B: Interpretation, and comparison to prior years
- Milwaukee’s goals are to reduce the TBRs to less than 11.4 for the city overall, to less than 15 for non-Hispanic Blacks, and to less than 11.9 for Hispanics by 2023. These goals, which were set in the fall of 2013, reflect a 50% decrease in the TBRs for the city overall and for each of the two racial and ethnic groups, as compared to their respective 2013 rates.
- Milwaukee’s overall TBR of 18.0 for 2016 was essentially the same as the 2015 TBR of 18.1, reflecting less than a 1% reduction from the 2015 rate. Although there was very little change between the 2015 and 2016 TBRs, the 2016 TBR is now the lowest on record for the city (2015 TBR was the previous low). When compared to the 2013 baseline rate of 22.9, Milwaukee’s TBR has declined 21.1%. This indicates that we are making progress towards achieving our goal of reducing the city’s overall rate 50% by 2023. Since 2006, when Milwaukee’s TBR was 52 per 1,000 females aged 15-17, the rate has declined 65.3%.
- Milwaukee’s non-Hispanic White TBR, which decreased from 9.8 to 6.7 in 2015, increased to 8.5 in 2016. The 2016 TBR is the fourth lowest on record for this population. The 2013 rate of 3.5 is the lowest on record. The non-Hispanic White rate has declined nearly 50% since 2006 (from 16.9 to 8.5).
- Milwaukee’s Hispanic TBR in 2016 was 21.4. This reflects a 10.3% increase when compared to a rate of 19.4 in 2015. Although this increase occurred, the 2016 rate is the second lowest on record for this population. The Hispanic TBR has fallen 10.4% since the TBR goal was set in 2013 (from 23.9 to 21.4) and 70% since 2006 (from 71.3 to 21.4).
- Milwaukee’s non-Hispanic Black TBR decreased nearly 17% compared to our 2015 report.
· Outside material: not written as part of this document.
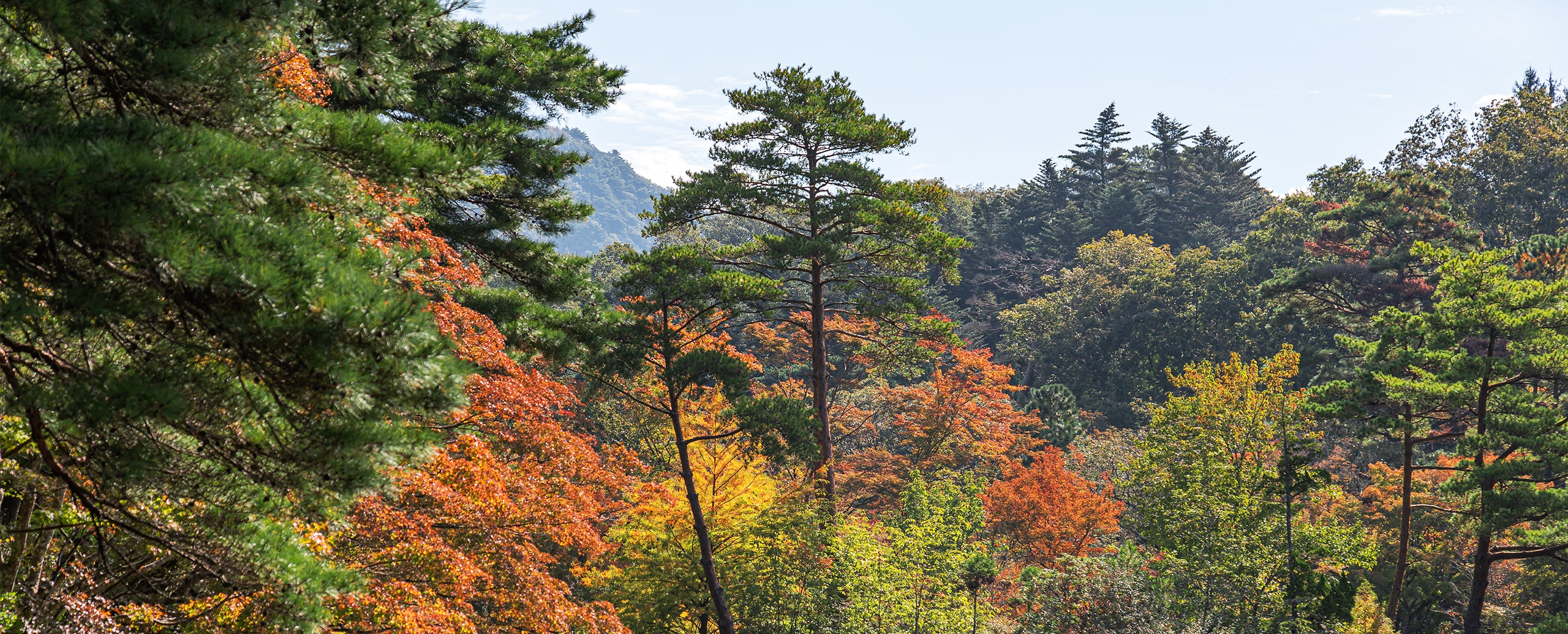 シアトルの森は、他のエリアよりも早い見ごろを迎える。モミジバフウやユリノキの紅葉ともに、常緑のセコイアメスギなどと一緒に彩り鮮やかな紅葉の景色が広がる。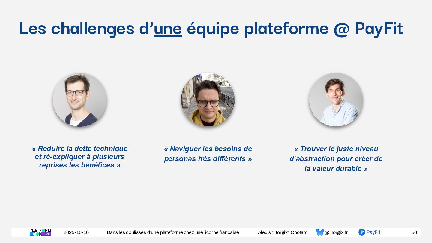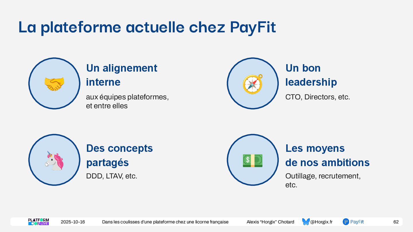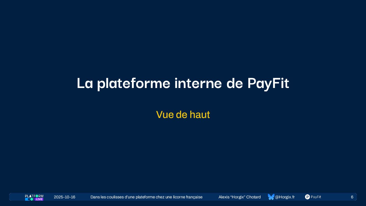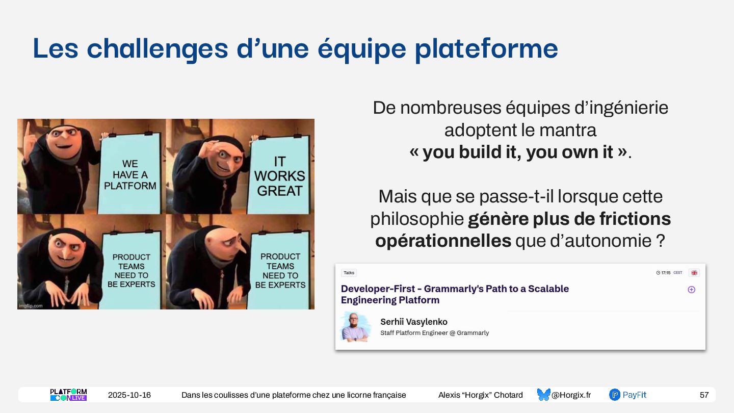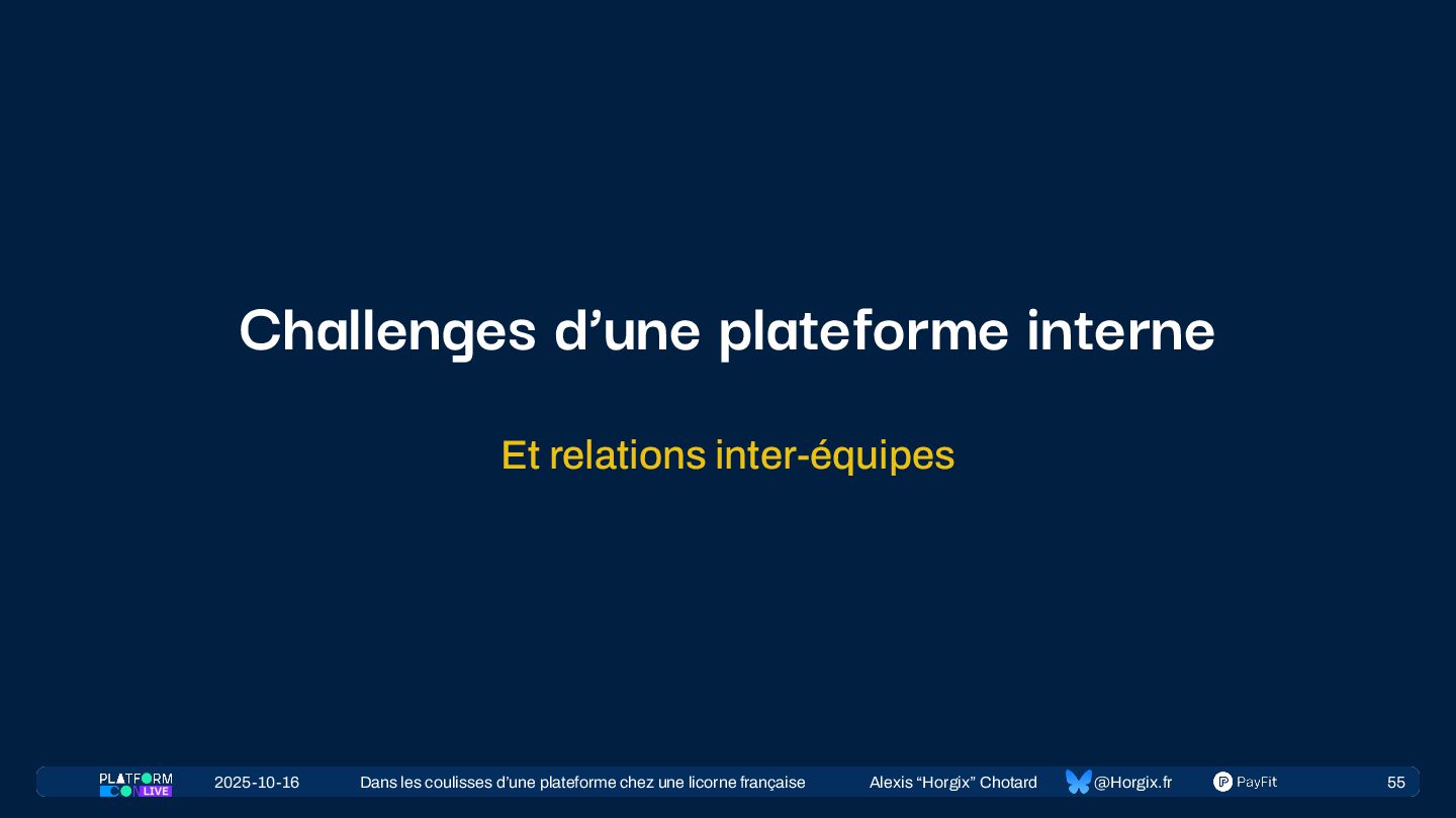 Ceci est le deck de slides d'un talk (30min) présenté à la conférence PlatformCon Live en octobre 2025 à Paris par Alexis "Horgix" Chotard au sujet de la plateforme (dévelopeurs) interne de PayFit.

The non-Hispanic Black TBR for 2016 was 18.6 compared to 22.3 in 2015. The 2016 rate is the lowest on record for this population. The non-Hispanic Black TBR has declined nearly 40% (from 30.8 to 18.6) since the 2013 TBR goal was set, indicating that we are close to meeting our goal of reducing the rate 50% by 2023. Since 2006 the TBR for non-Hispanic Blacks has decreased 70% (from 62.0 to 18.6).
- Although there have been declines over time in TBRs across all racial and ethnic groups, disparities continue to exist. When comparing Milwaukee’s non-Hispanic Black and Hispanic TBRs to the non- Hispanic White TBR, we see that the Black and Hispanic TBRs are 2.2 and 2.5 times (respectively) higher than the White TBR in 2016. This means that Black and Hispanic females aged 15-17 in Milwaukee are 2.2 and 2.5 times (respectively) more likely to give birth than White females aged 15-17. These TBR ratios, however, are the lowest between Blacks and Whites and Hispanics and Whites on record for the city.